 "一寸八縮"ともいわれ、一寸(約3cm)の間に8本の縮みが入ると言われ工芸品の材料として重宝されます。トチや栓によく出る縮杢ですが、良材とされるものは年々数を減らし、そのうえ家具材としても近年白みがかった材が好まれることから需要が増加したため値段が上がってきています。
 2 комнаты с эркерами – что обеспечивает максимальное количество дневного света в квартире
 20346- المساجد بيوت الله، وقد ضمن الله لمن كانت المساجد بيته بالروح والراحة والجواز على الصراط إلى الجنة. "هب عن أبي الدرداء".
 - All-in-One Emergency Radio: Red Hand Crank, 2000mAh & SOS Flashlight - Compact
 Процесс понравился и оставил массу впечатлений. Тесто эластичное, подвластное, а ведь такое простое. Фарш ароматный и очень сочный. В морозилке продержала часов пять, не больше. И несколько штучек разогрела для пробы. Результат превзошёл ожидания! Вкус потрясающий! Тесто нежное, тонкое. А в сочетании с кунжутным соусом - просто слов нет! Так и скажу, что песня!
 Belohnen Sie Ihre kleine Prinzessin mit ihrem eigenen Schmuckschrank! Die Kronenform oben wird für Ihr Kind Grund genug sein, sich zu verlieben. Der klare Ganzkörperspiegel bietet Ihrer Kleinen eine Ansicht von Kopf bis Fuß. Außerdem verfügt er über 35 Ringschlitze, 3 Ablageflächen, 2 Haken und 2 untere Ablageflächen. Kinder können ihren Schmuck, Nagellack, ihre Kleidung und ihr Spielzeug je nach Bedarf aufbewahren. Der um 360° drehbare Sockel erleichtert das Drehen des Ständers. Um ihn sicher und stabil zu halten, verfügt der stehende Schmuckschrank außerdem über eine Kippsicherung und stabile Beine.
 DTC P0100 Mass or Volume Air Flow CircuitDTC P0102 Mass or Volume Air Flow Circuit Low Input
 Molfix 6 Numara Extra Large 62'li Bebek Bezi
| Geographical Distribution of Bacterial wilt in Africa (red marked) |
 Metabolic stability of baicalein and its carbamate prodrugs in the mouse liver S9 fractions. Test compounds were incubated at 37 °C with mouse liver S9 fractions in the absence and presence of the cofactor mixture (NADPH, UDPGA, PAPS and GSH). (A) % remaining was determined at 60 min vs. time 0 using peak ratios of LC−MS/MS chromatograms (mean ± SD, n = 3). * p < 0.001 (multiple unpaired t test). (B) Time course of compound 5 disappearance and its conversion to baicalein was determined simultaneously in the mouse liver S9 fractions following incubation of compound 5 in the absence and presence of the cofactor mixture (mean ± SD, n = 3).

* EXERCISE DETAILS *
Exactly as given, set down all of the lines above.

* EXPECTED ANSWER *
 "一寸八縮"ともいわれ、一寸(約3cm)の間に8本の縮みが入ると言われ工芸品の材料として重宝されます。トチや栓によく出る縮杢ですが、良材とされるものは年々数を減らし、そのうえ家具材としても近年白みがかった材が好まれることから需要が増加したため値段が上がってきています。
 2 комнаты с эркерами – что обеспечивает максимальное количество дневного света в квартире
 20346- المساجد بيوت الله، وقد ضمن الله لمن كانت المساجد بيته بالروح والراحة والجواز على الصراط إلى الجنة. "هب عن أبي الدرداء".
 - All-in-One Emergency Radio: Red Hand Crank, 2000mAh & SOS Flashlight - Compact
 Процесс понравился и оставил массу впечатлений. Тесто эластичное, подвластное, а ведь такое простое. Фарш ароматный и очень сочный. В морозилке продержала часов пять, не больше. И несколько штучек разогрела для пробы. Результат превзошёл ожидания! Вкус потрясающий! Тесто нежное, тонкое. А в сочетании с кунжутным соусом - просто слов нет! Так и скажу, что песня!
 Belohnen Sie Ihre kleine Prinzessin mit ihrem eigenen Schmuckschrank! Die Kronenform oben wird für Ihr Kind Grund genug sein, sich zu verlieben. Der klare Ganzkörperspiegel bietet Ihrer Kleinen eine Ansicht von Kopf bis Fuß. Außerdem verfügt er über 35 Ringschlitze, 3 Ablageflächen, 2 Haken und 2 untere Ablageflächen. Kinder können ihren Schmuck, Nagellack, ihre Kleidung und ihr Spielzeug je nach Bedarf aufbewahren. Der um 360° drehbare Sockel erleichtert das Drehen des Ständers. Um ihn sicher und stabil zu halten, verfügt der stehende Schmuckschrank außerdem über eine Kippsicherung und stabile Beine.
 DTC P0100 Mass or Volume Air Flow CircuitDTC P0102 Mass or Volume Air Flow Circuit Low Input
 Molfix 6 Numara Extra Large 62'li Bebek Bezi
| Geographical Distribution of Bacterial wilt in Africa (red marked) |
 Metabolic stability of baicalein and its carbamate prodrugs in the mouse liver S9 fractions. Test compounds were incubated at 37 °C with mouse liver S9 fractions in the absence and presence of the cofactor mixture (NADPH, UDPGA, PAPS and GSH). (A) % remaining was determined at 60 min vs. time 0 using peak ratios of LC−MS/MS chromatograms (mean ± SD, n = 3). * p < 0.001 (multiple unpaired t test). (B) Time course of compound 5 disappearance and its conversion to baicalein was determined simultaneously in the mouse liver S9 fractions following incubation of compound 5 in the absence and presence of the cofactor mixture (mean ± SD, n = 3).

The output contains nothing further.